Under the new rules, set up by Committee of European Banking Supervisors (CEBS), the bankers will receive a maximum of a quarter of their bonuses in immediate cash payouts, with the remainder deferred or held in shares for three years at a minimum.

The guidelines also provide for national regulators to rescind bonuses paid to senior managers whose risks were discovered to have produced losses at a financial companies. The rules also seek a direct link between fixed salary and pay.

“An appropriate maximum ratio of the variable to fixed component is a strong and relatively uncomplicated technique for obtaining risk alignment in the remuneration structure,” CEBS stated.

The guidelines are widely seen as being tougher than those recommended by leaders of the G20.

The chairman Lloyd’s Banking Group, Win Bischoff said yesterday that regulations over banker pay should be applied equally across the globe.

"It is very important to have as much as you possibly can a level playing field because you then do not distinguish between regions. Let us see what comes out," Bischoff said to Reuters.

There is concern among many European and British banks that bonus curbs on executives might prompt a massive outflow of top talent to lightly-regulated financial centers like Singapore.

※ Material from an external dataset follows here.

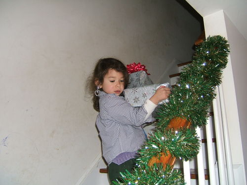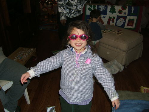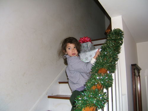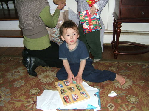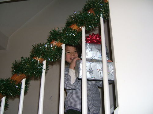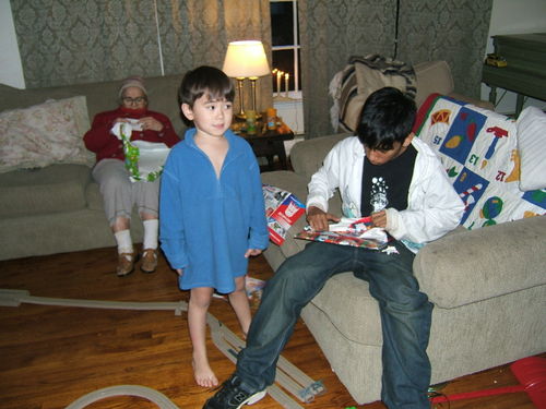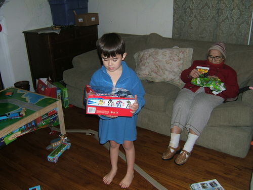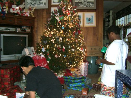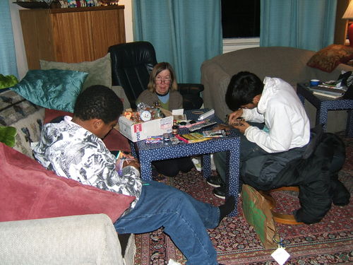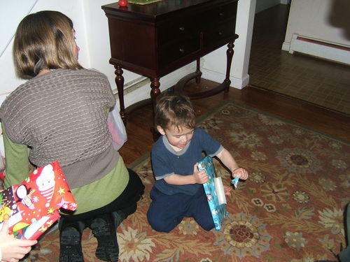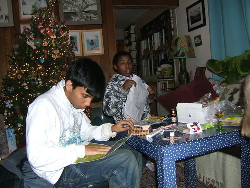 Joe loves to build things and he received this small house from Australia, while Tim unravels an England present. The tree in teh background looks a little askew, because it is! Earlier in the evening, I suddenly heard a “swoosh” and when I walked into the room the tree was on it’s side. It just fell over of it’s own accord. A repair job was done, but it still has a stoop…
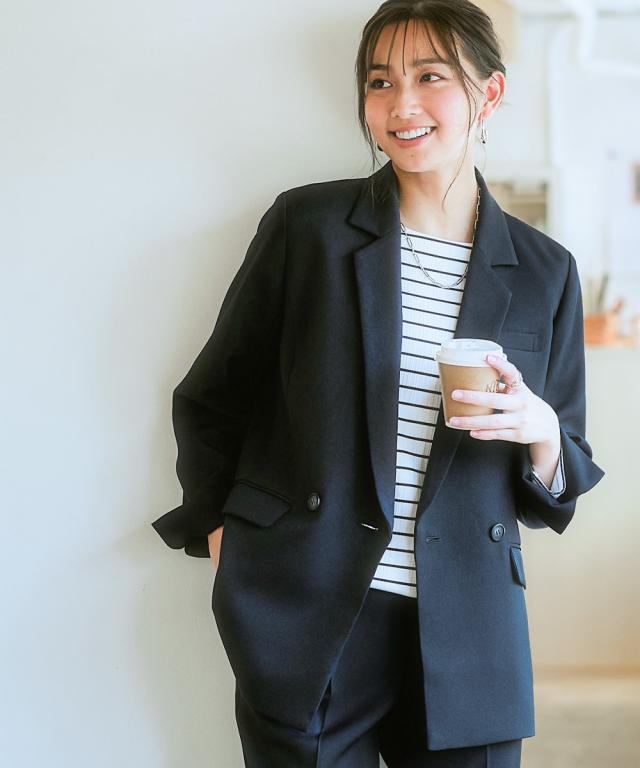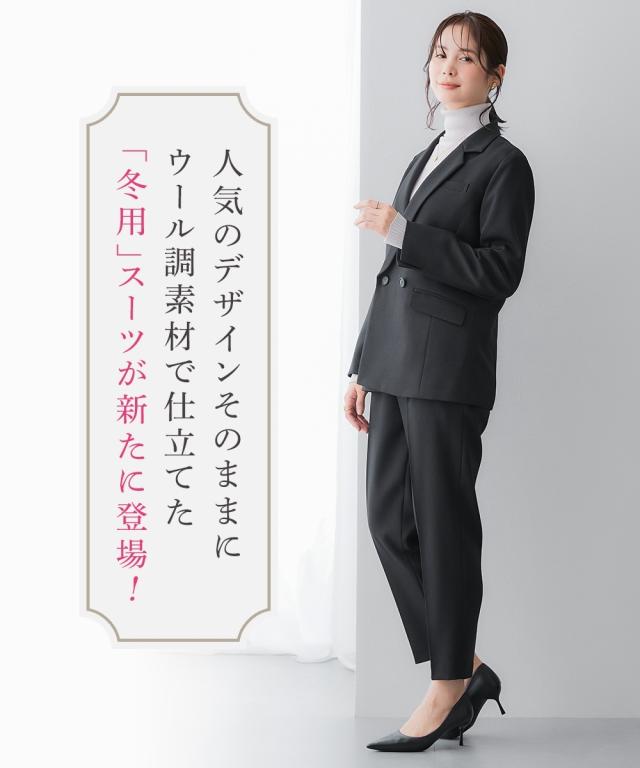 スーツ レディース ウール調素材ダブルブレスト ジャケット パンツ テーラード +テーパード 冬 ビジネス セットアップ | S/M/L | ニッセン nissen

Meanwhile, in Ireland, politicians are seeking to impose a 90 percent “super-tax” on bank bonuses after an outcry over huge payouts (in excess of 40-million euros) were handed out to bankers at Allied Irish Bank (NYSE: AIB).

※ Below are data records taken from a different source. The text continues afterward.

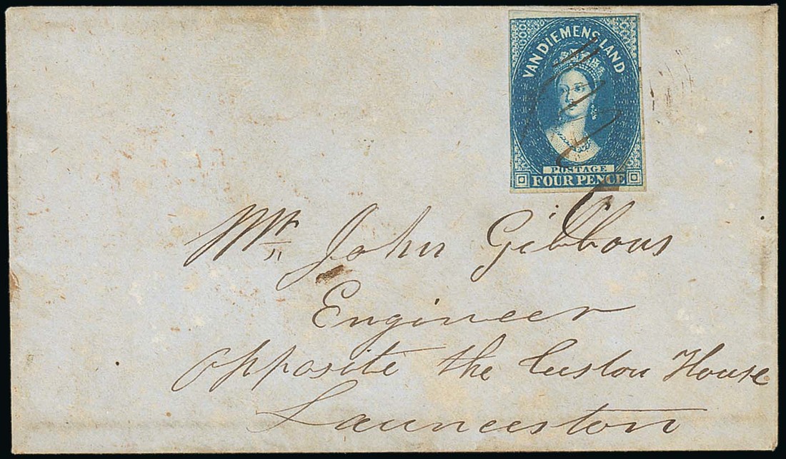 1857 (Jan.) envelope addressed to "Mr John Gibbons, Engineer, Opposite the Customs House, Launceston", bearing 1857 (4d. (cut-into at sides) cancelled by manuscript squiggle and showing, on reverse, framed arrival "pre-paid" d.s. in red; the envelope a little soiled. Photo
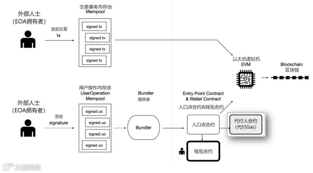 简单来讲,就是把钱包变成抽象的智能合约账户。账户信息直接存在以太坊虚拟机中,用户不再需要下载钱包应用,也不再需要绞尽脑汁保护钱包私钥。
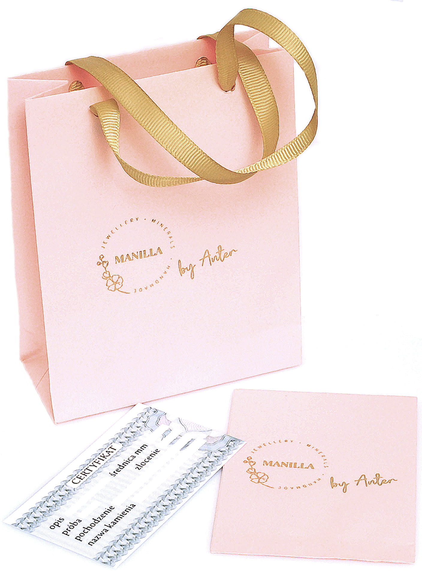 Biżuteria posiada certyfikat potwierdzający oryginalność produktu wraz z próbą srebra oraz opisem kamienia, a dodatkowo w zestawie dołączone jest opakowanie oraz elegancka torebka prezentowa z logo firmy.
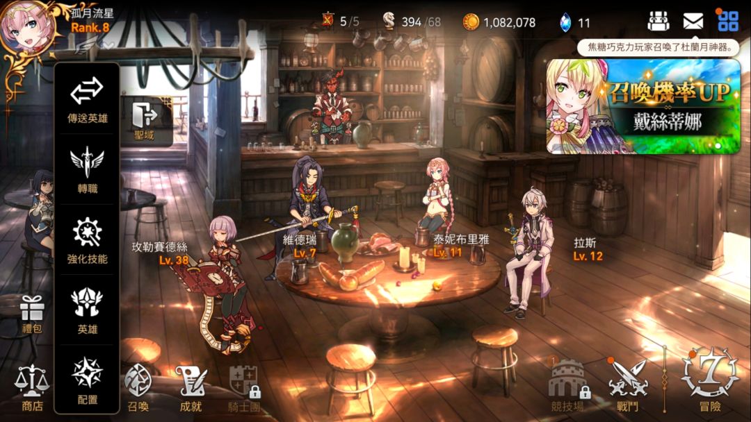 这里其实就一目了然了。每个英雄都需要穿戴装备,装备可以通过冒险刷出来。装备分为:武器、头戴、护甲、鞋子、项链、戒指。而右上角那个六边形的框则是神器。不同的神器所带来的效果也各不相同。当然,肯定还是星级越高就越好(滑稽
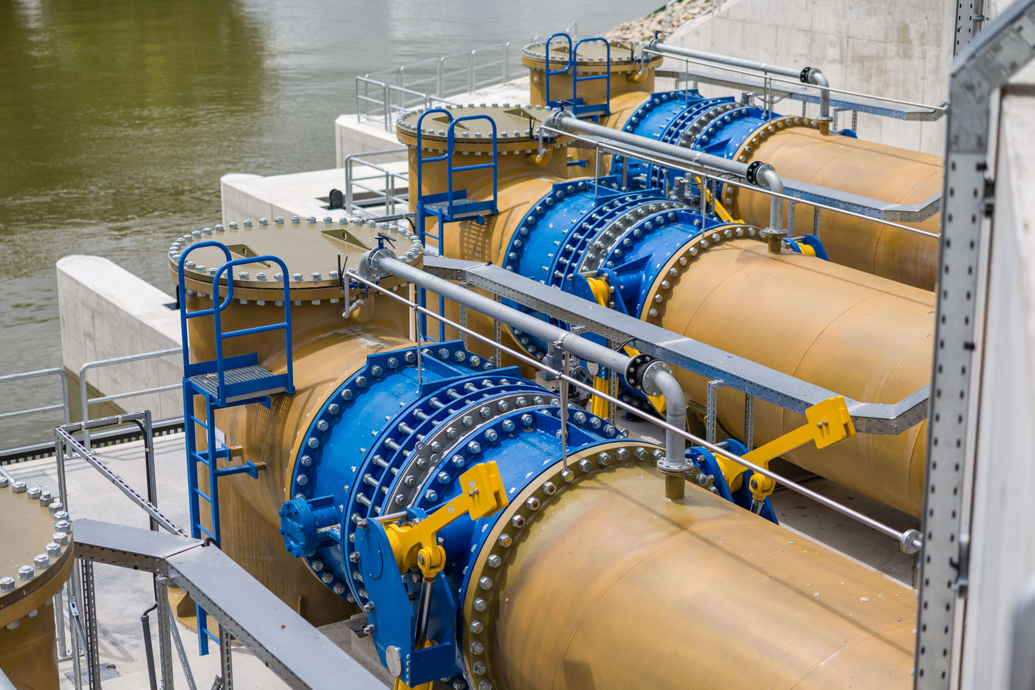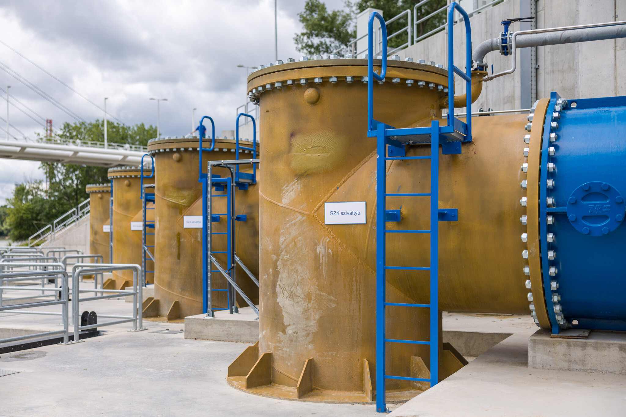 Az új telep négy szivattyúját 2 db párhuzamosan lefektetett, egyenként 1,8 méter átmérőjű cső, - amelyek egy 2,4 méter átmérőjű csőbe egyesülnek - szolgálja ki. Az acélcsövek 30 mm vastagságú porcelánkeménységű felületkezelést kaptak, hogy megfeleljenek a vízügyi beruházásoknál elvárt százéves élettartamnak.

Finance Minister Brian Lenihan told a radio station that he is prepared to introduce an amendment to the government’s finance bill to apply the tax on bonus payments.

Outrage is mounting in Ireland over bonuses being paid to employees of a failed bank that is receiving huge cash bailouts from the government.

"This move by the AIB is extraordinary and people across the country will be gobsmacked by their behavior," said Paula Clancy, director of the Thinktank for Action on Social Change

In response to the tumult, AIB said that it is being forced to pay bonuses after one of its traders filed legal action against it.

The Irish Banking Officials Association has requested that AIB staff defer the payments until the bank was profitable again.

"They have a responsibility to look at the overall interests of everybody, not just themselves," said IBOA general secretary Larry Broderick.

Lenihan stated yesterday that he didn’t think bonuses would not be sanctioned until banks were again profitable and generated returns for the taxpayer.